Yıkılan Binaların Müteahhitleri Tutuklanırken Yapı Denetimi Nerede Yapılır?
Geçen hafta 7,7 ve 7,6 büyüklüğünde iki depremle sarsılan Türkiye’de bilinen tüm gerçekler gözden geçiriliyor. Deprem gerçeğiyle yaşayabilmek için öncelikle bina güvenliği, sonra toplumsal bilinç ve son olarak bireysel hazırlıklar olmalı ama biz ilk adımda takılıp kalıyoruz. 30 binden fazla insanımızın yaşamını yitirdiği bu günlerde, fay hattı üzerindeki Türkiye nüfusunun yüzde 98’i tedirgin bir ruh hali içinde yaşamını sürdürmeye çalışıyor. Peki bunun bir çözümü yok mu? Evlerimizi güvende tutmaktan sadece müteahhitler mi sorumlu? Müteahhitleri kim denetliyor?
Türkiye, Avrupa ile Asya’nın buluştuğu ender bir konumda yer alırken ve jeopolitik konumumuzun yıllarca stratejik olduğu öğretilirken, afete hazırlık eğitim sisteminde geri planda kaldı.
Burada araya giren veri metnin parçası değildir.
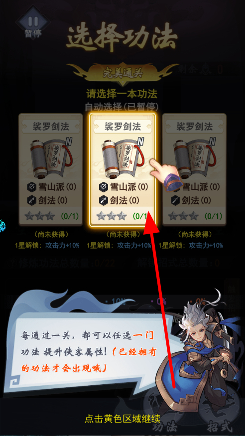 2、每通过一关,会进入功法选择,从提供的功法中挑选一本,所选功法能提升侠客属性,助力后续战斗,根据需求合理选择。
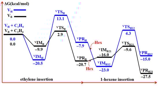 Reaction pathways for ethylene and 1-hexene insertion into VH (blue) or VB (black) catalysts. Depending on which carbon (6C or 7C) in 1-hexene forms a C–C bond with 3C carbon of [V]–alkyl, there are two insertion modes for 1-hexene insertion: the 1,2-insertion forming V–6C and 7C–3C bonds and the 2,1-insertion forming V–7C and 6C–3C bonds.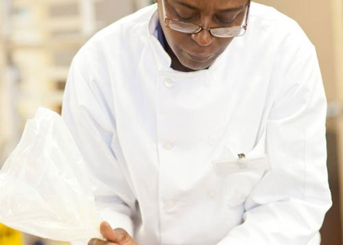 A typical first day at a boot camp begins at 8AM with an orientation session and distribution of uniforms. Yes, there is a dress code: loose-fitting trousers to protect against spills; closed-toe, non-slip shoes and a shirt to wear under chef’s jacket are de rigeuer. Chefs’ jackets are provided as are aprons, side towels and a chef’s hat. Equipment needed for class is also made available for use during the program.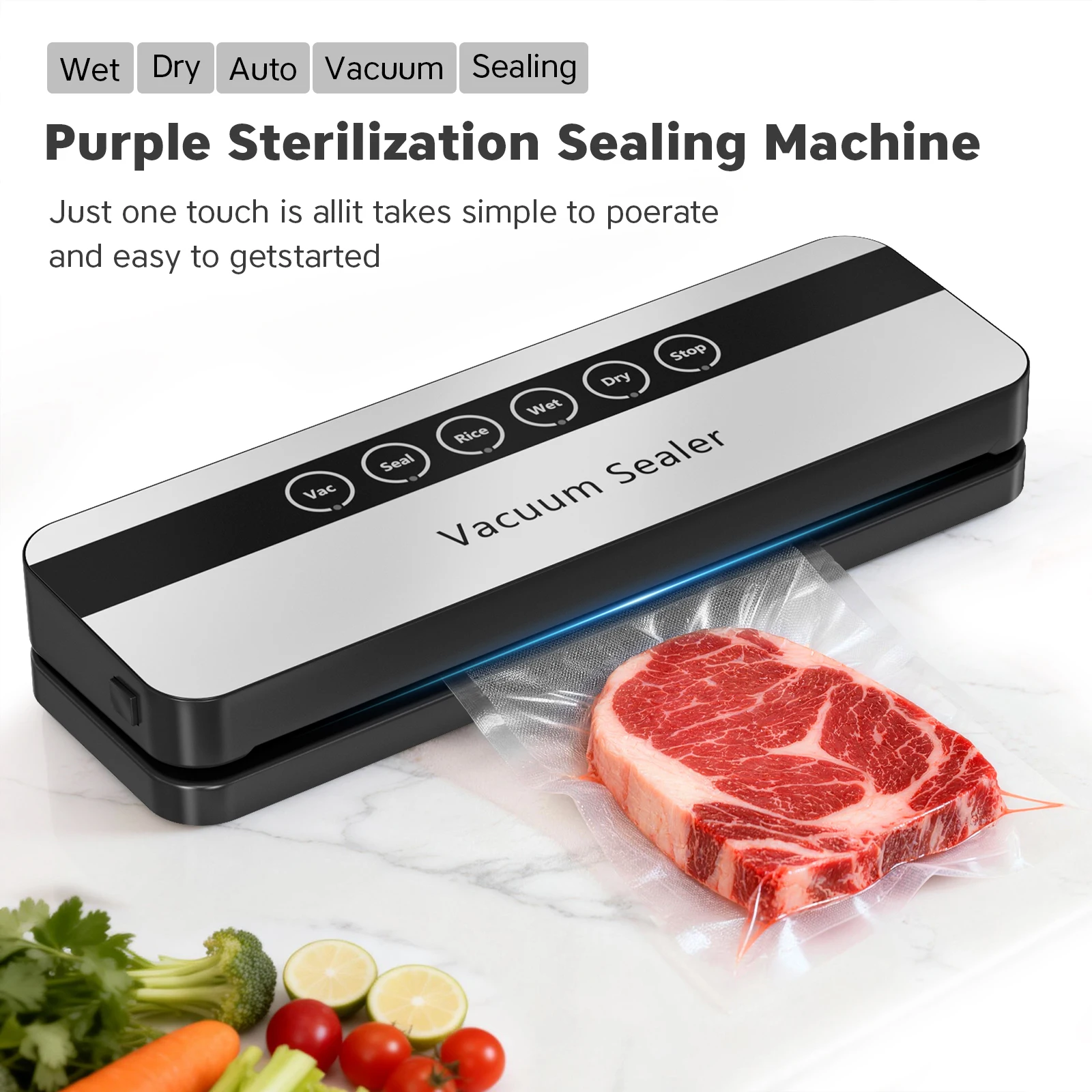 Automatic vacuum sealing machine for food storage - including 10 bags, with dry/wet mode function, a small kitchen appliance $26.15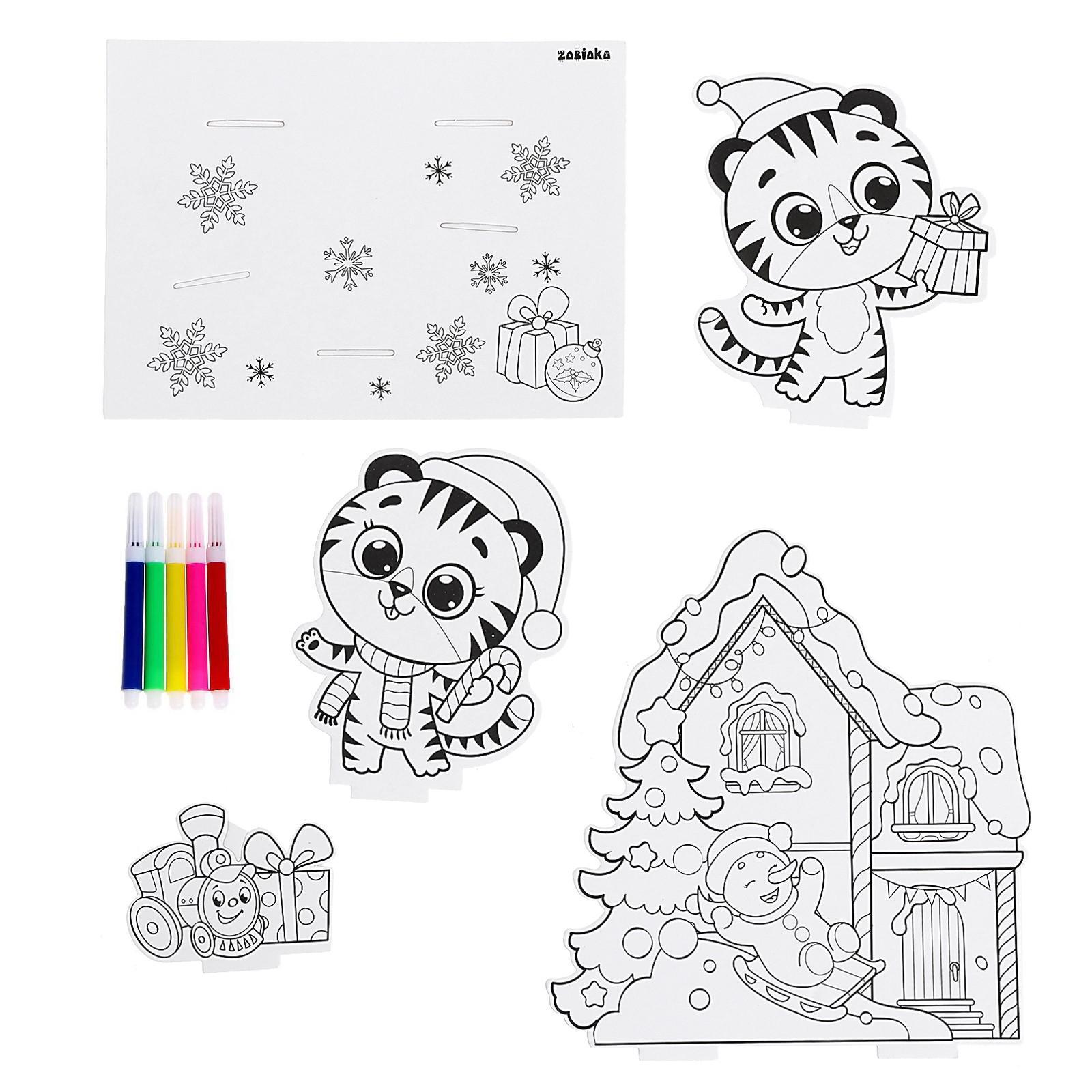 Из 5 деталей малыш соберёт новогодний конструктор и оживит его яркими цветами. Для сборки не требуется клей. Новогодняя раскраска из картона подойдёт в качестве подарка для ребёнка.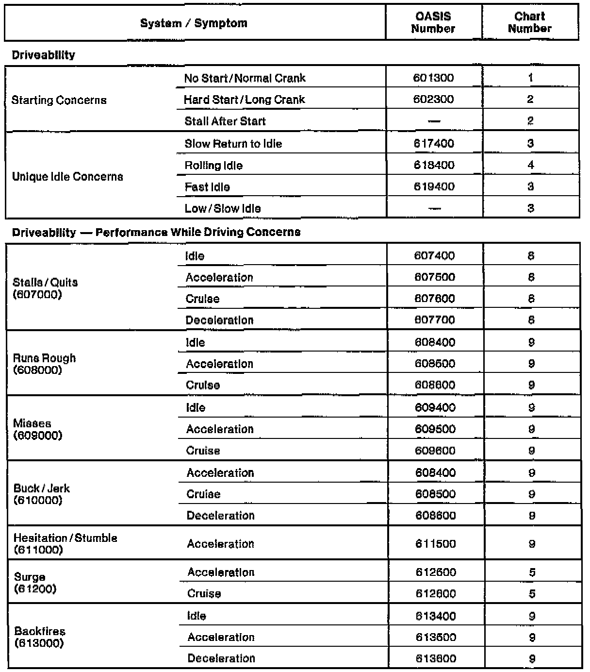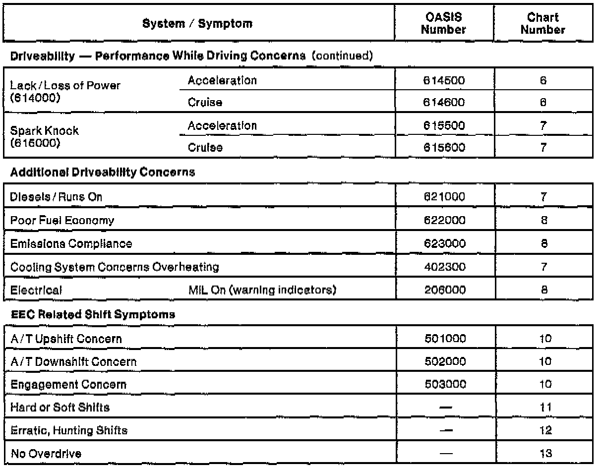 Select a symptom from the chart. For multiple symptoms, select the symptom that is most evident. Go to the chart number listed and perform the visual/mechanical and EEC checks in the suggested order.
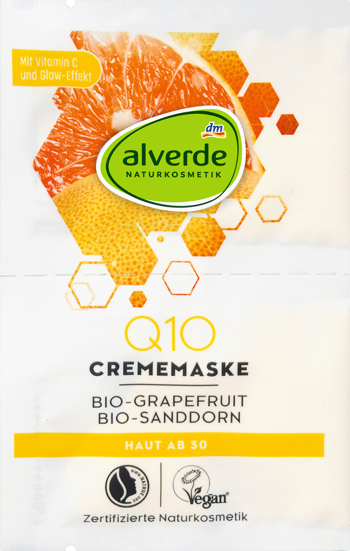 Ein Frische-Kick für die Haut: Die Gesichtsmaske Q10 mit Vitamin C verleiht eine Extraportion Energie und fördert ein strahlendes und ebenmäßiges Hautbild. Die Formulierung mit Coenzym Q10 wirkt einer frühzeitigen Hautalterung entgegen und hinterlässt ein geglättetes Hautgefühl. Vitamin C sorgt für einen belebenden und tollen Glow-Effekt. Die Maske mit Bio-Grapefruit-Extrakt, Bio-Sanddorn-Öl und Bio-Acerola-Extrakt versorgt die Haut mit intensiver Feuchtigkeit und mildert Trockenheitsfältchen. Für gepflegte Wohlfühl-Momente.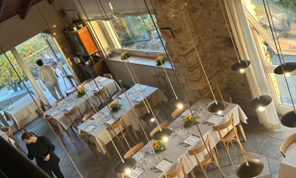Ristorante ricavato in un cascinale ristruttrato con gusto e coerenza ambientale. Vetrata con vista splendida sulle colline e i vigneti del Monferrato acquese. Cibo squisito, proposta golosa, servizio attento e veloce. Suggerirei un'illuminazione a colore completamente caldo, per maggiore omogeneità all'ambiente.

İnşaat sektörü ekonominin can damarıdır. Ancak şakaya gelmeyen, bu yönüyle de hiç düşünülmeyen yapılar Türkiye’de adeta sarsılarak sorgulanıyor.
10 ili etkileyen deprem felaketlerinin ardından tıpkı 24 yıl önce Veli Göçer’in sembol ismi gibi müteahhitler tutuklanmaya başlandı. Ancak 12 binden fazla bina yıkıldı, son tespitlere göre veriler bunlar, 24 bin 924 bina ağır hasar gördü, ayakta kalan binaların 120 bin 940 bağımsız bölümü şimdilik belirlenenlere göre yıkıldı.
Öncelikle yapı kontrol şirketlerinin bir inşaat sürecinin her aşamasında olduğunu öğreniyoruz. 2018 öncesi herhangi bir inşaat firması herhangi bir yapı kontrol firması ile çalışabiliyorken artık bu sistem bakanlığın atadığı yapı kontrol firması ile çalışmaya dönüşmüştür.
Buna ek sözlükte “bina denetimi” başlığında da rastlıyoruz.
Bir kişi bile yazmamış ?
Sistemi birkaç cümleyle özetleyenler var.
Sarsıntı süreleri uzun yıllar olduğu için bir binanın kontrolünde en değerli unsurun elektrik olduğunu öğrendik. Bunda elektriğin her an sorun çıkarabilmesinin de etkisi var.
Bir inşaat mühendisinin asıl amacının binayı inşa ederken hasarın istenilen bir durum olduğunu, ana taşıyıcı sistemin içindekilerin canlı tahliyesini sağlayacak şekilde ayakta kalması gerektiğini savunan bilirkişi, inşaat sektöründeki kar marjı bina maliyetlerine göre çok yüksek, müteahhitler yüzde 30’luk kar oranından memnun değil, yüzde 50 civarında kar edenlerin ise masraflarını karşıladığını düşündüğünü belirtiyor.
Bir binada demirin çok olması değil, demir bağlantılarının hatasız kullanılması değerli olmakla birlikte, 2000 yılından sonra 3 kez yönetmeliğin değiştiğini söyleyen uzmanımız, 2005 yılında yapılıp yıkılan bir binanın eski haline dönmüş olabileceğini sözlerine ekledi. yıkılmış olup, o dönemin yönetmeliğine göre üretimde bir yanlışlık olmadığı söylenebilir.
Yapılan hatalar 30 binden fazla kişinin evini mezara çevirdi. Bu durumda sadece müteahhitlerin sembol olması gerçekten işin içinde olanların kabul edemeyeceği bir durum olarak görülüyor.